C. laevipes Opiz, commonly known as crossword or smooth bedstraw, is also distributed across Europe and Asia, growing between 0 and 1500 m above the sea level. It is a perennial herb, 10 to 60 cm tall; with quadrangular stems; and leaves that are three-nerved and whorled in clusters of four. The flowers are yellow, between five and nine on each top, blooming in May–June; their peduncles carry two bracteoles each and are filled with dense hairs [3]. This species grows in open woodland, waysides, and pastures, and prefers calcareous soils [5]. C. laevipes has long been known in folk medicine for its wound-healing properties, and it was employed in the past in both external and internal applications.

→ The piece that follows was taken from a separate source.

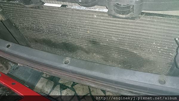 檢查冷媒滲漏.發現冷排在漏.剛好被前保內鐵檔住不容易發現.
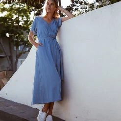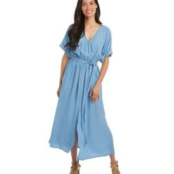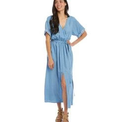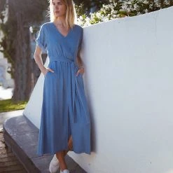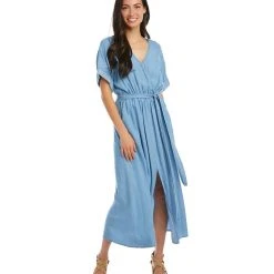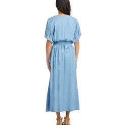 Designed for sunny seaside weekends, this tencel dress features extended roll sleeves and a front-slit hem. Slender ties cinch the waistline for a uniquely tailored look. Crafted from 100% Tencel™ washed chambray. Tencel’s supply chain is transparent; it is obtained from eucalyptus trees that are sustainably grown on farms. It is biodegradable and carries the Oeko Tex 100 certification, an international standard developed in 1992 to certify that it contains no harmful substances.

These latter include remedies to treat obstructions of the stomach and bowels, to stimulate appetite and as a remedy for rheumatism and dropsy [6].

The two plant species, G. verum and C. laevipes are also widespread in Italy, all over the country, especially in the Alpine regions, and were also commonly found in the Western Italian Alpine pasture vegetation [7].

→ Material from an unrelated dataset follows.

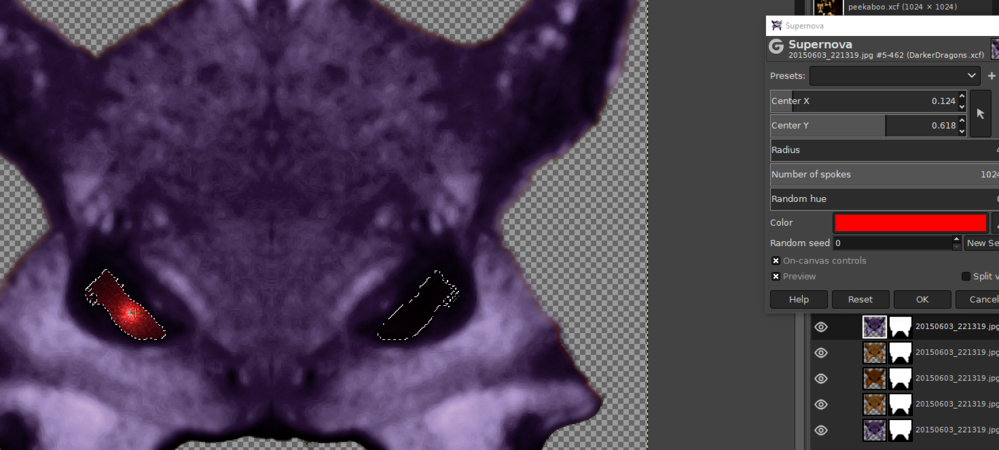 I did some editing of the eyes, by selecting a specific region of the eye and entering a Supernova effect into it:

Phytochemical studies have shown that both Galium and Cruciata genera synthesize many different classes of specialized metabolites, such as iridoid glycosides, antraquinones, phenolics, flavonoids, and coumarins [8,9,10,11,12,13,14,15,16,17], possibly accounting for the biological properties highlighted for some of the species. They also produce terpenoids and aromatic essential oils [18,19,20,21].

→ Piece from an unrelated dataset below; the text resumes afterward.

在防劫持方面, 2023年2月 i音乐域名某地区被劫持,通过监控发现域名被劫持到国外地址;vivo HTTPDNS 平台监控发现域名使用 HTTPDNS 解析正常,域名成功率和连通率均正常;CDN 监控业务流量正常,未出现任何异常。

The aim of this work was to determine the flavor constituents of G. verum L. and C. laevipes Opiz collected in the wild Italian alpine region, in order to fully characterize their volatile fraction for the first time.

2. Results

Volatiles identified in the aerial parts of G. verum and C. laevipes are reported in Table 1, listed in order of elution on a DB-5 column. Leaves and flowers from G. verum were analyzed separately, while, due to their small size, flowers from C. laevipes could not be isolated and for this species the whole plant was analyzed.

Table 1

Composition (% and μg/g fresh weight) of volatiles from Galium verum leaves and flowers and Cruciata laevipes whole plant.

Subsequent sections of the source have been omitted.